Stored data:

=== Section Start ===

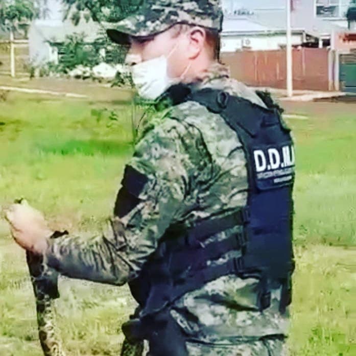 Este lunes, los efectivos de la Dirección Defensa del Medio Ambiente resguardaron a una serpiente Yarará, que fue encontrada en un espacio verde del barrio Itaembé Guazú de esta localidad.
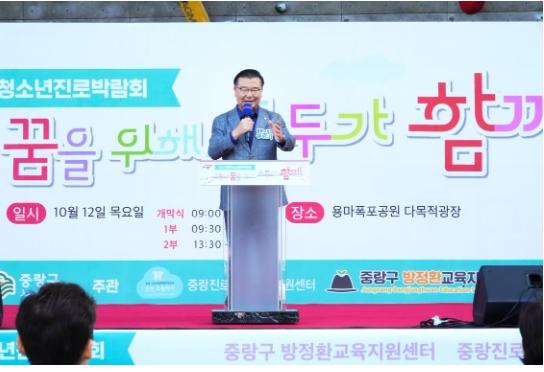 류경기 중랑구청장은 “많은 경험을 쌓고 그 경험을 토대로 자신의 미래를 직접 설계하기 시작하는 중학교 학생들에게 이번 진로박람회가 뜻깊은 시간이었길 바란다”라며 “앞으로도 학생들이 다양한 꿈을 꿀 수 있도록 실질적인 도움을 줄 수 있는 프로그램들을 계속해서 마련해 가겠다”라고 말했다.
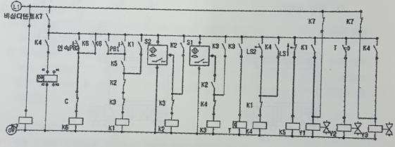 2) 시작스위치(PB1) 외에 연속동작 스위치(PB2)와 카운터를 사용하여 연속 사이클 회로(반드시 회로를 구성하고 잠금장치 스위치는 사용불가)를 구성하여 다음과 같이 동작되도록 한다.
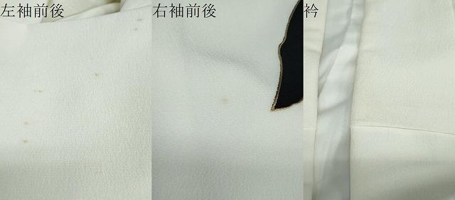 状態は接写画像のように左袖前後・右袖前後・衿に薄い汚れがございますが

=== Section End ===

Task: Repeat the whole of the material above exactly, but keep the pictures out.

Completed exercise:
 Este lunes, los efectivos de la Dirección Defensa del Medio Ambiente resguardaron a una serpiente Yarará, que fue encontrada en un espacio verde del barrio Itaembé Guazú de esta localidad.
 류경기 중랑구청장은 “많은 경험을 쌓고 그 경험을 토대로 자신의 미래를 직접 설계하기 시작하는 중학교 학생들에게 이번 진로박람회가 뜻깊은 시간이었길 바란다”라며 “앞으로도 학생들이 다양한 꿈을 꿀 수 있도록 실질적인 도움을 줄 수 있는 프로그램들을 계속해서 마련해 가겠다”라고 말했다.
 2) 시작스위치(PB1) 외에 연속동작 스위치(PB2)와 카운터를 사용하여 연속 사이클 회로(반드시 회로를 구성하고 잠금장치 스위치는 사용불가)를 구성하여 다음과 같이 동작되도록 한다.
 状態は接写画像のように左袖前後・右袖前後・衿に薄い汚れがございますが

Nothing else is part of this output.